Ever since she burst upon the musical world in 1988 with her warm and magical debut album, Tracy Chapman has been one of our finest contemporary songwriters and a performer of striking originality, grace and charm. But she has also become much more than that.

When you walk out of a record store with a new Tracy Chapman album, you are not merely buying a collection of finely crafted and elegantly executed songs. You are also somehow entering a better world in which-for an hour’s worth of music at least-the values of compassion, honesty and humanity are restored to their rightful place in an otherwise increasingly giddy and trivial global culture.

Born and raised by her mother in Cleveland, Ohio, she began writing poetry and short stories at an early age. Tracy’s first instrument was a ukulele that her mother bought her at three years old because she recognized that she loved music, and was later stolen by the girl across the street from them. There wasn’t much money in the family but her mother saved money from the household food money to purchase it from a neighborhood store.

An academic scholarship sent her to high school in Connecticut, where she played at chapel services, Her mother bought her first guitar when she was away in boarding school when she started playing coffee house at school with a borrowed guitar. Later, the school chaplain Reverend Robert Tate organized a collection to buy her a new guitar. (He was thanked years later in the credits on her first album.)

At Tufts University in Medford, Massachusetts, she studied anthropology and honed her musical skills on the Boston folk circuit, playing guitar and singing on the streets of Harvard Square and performing at local coffeehouses and the campus folk club.
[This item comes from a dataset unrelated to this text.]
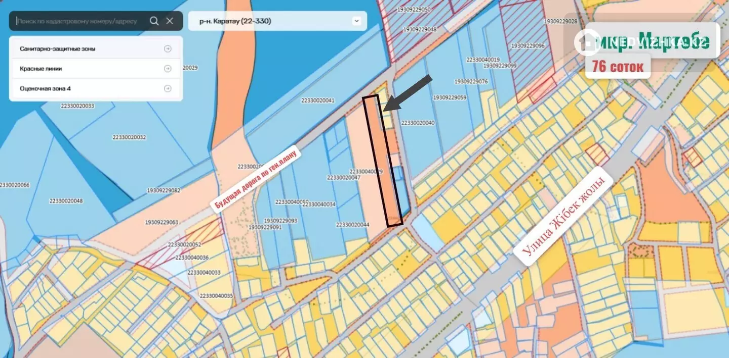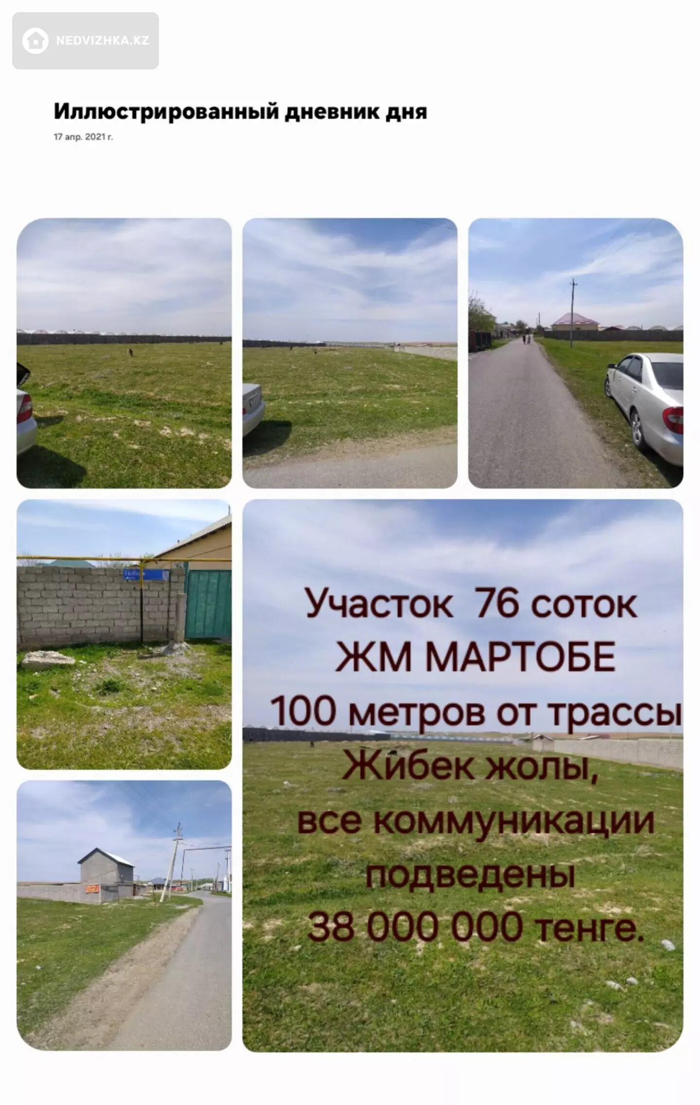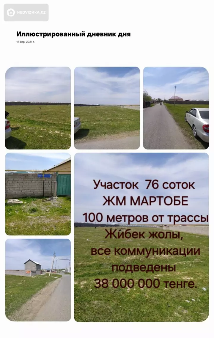 , ЖМ, мартобе ", от трассы Жибек жолы - 100 метров. Вокруг жилые дома и Теплицы. 76 соток (по факту гектар земли). Идеальное место для строительства ТЕПЛИЦЫ, СКЛАДСКИХ ПОМЕЩЕНИЙ, ШКОЛЫ. Все коммуникации подведены. ДВА заездА. СЗАДИ УЧАСТКА БУДЕТ ПРОХОДИТ ШИРОКАЯ ТРАССА, ПАРАЛЛЕЛЬНО Жибек жолы! За участком начилось строительство Аграрно-тепличного комплекса, по новым технологиям, на 144 га. Наш Аким подписал договор с Польской компанией, Фабе-Агро".

By 1987, she had signed to Elektra, a label with a proud singer-songwriter history dating back to the 1960s heyday of the genre. Her self-titled debut album, produced by David Kershenbaum, was released in early 1988 and its warm, passionate and heartfelt songs announced the arrival of a compelling talent. At the time, the record was a breath of fresh air. By the late 1980s, music was dominated by synths and drum machines and the simplicity and sincerity of Chapman’s approach was hugely refreshing. The songs themselves were full of sharp observation, deeply rooted in her personal experience of growing up poor in a working-class community in the inner city.

The album met with immediate critical and commercial success, but it was an appearance at the Nelson Mandela 70th-birthday tribute concert at Wembley, London, in June that year that introduced her to a mass global audience. “They didn’t have a slot for me and I was kept waiting,” she recalls. “It was just me and my acoustic guitar and I think they called me three times hoping to put me on while the next act was getting ready.” On each occasion it didn’t happen, and three times she was sent back to the dressing room and told to wait again.
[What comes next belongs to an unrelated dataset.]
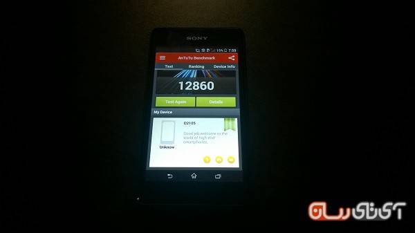 در بنچمارک AnTuTu نیز اکسپریا ای وان موفق به کسب امتیاز 12860 شد.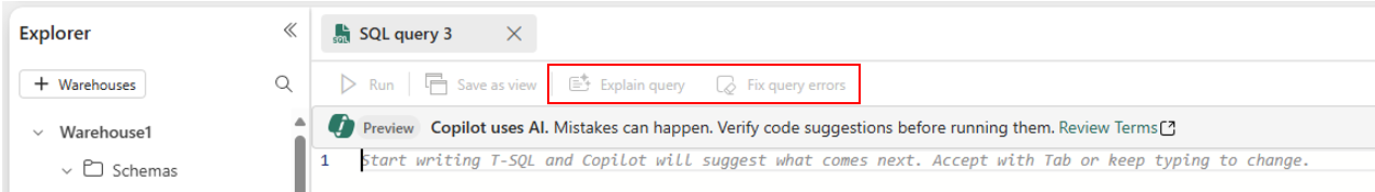 Copilot는 웨어하우스 스키마, 쿼리 탭 콘텐츠 및 실행 결과에 대한 정보를 사용하여 쿼리에 대한 관련성 있고 유용한 피드백을 제공합니다.

Then, just as Stevie Wonder was due to go on in a prime time slot, he told dismayed organizers that his computerized programs had gone missing and he could not appear without them. In a panic, they called for Chapman. “I literally had to run to the stage, dragging my guitar cable,” she recalls. “When I look back at the footage I can see how unprepared I was. But I think it also meant I had no time to feel the pressure.”
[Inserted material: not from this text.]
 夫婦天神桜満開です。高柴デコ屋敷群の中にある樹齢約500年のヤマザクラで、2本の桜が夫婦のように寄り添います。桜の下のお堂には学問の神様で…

Her spontaneous performances, seen by millions on television around the world, was a sensation and the reaction was instant. She won so many hearts that the following week the album soared to the top of the charts in both Britain and the United States. Elektra had believed in her from the outset and hoped the album might sell 200,000 copies-a highly credible performance for a debut of basically acoustic songs. Instead, it went on to sell more that 10 million copies and win three Grammy awards.

But Tracy Chapman has never been an artist whose value can be measured in statistics and chart placings. For her, the awards and accolades have always been second to the integrity of her songwriting and the emotional honesty of her voice. Drawing on the songs she had written over the previous nine years, seldom can there have been a more perfectly formed debut album.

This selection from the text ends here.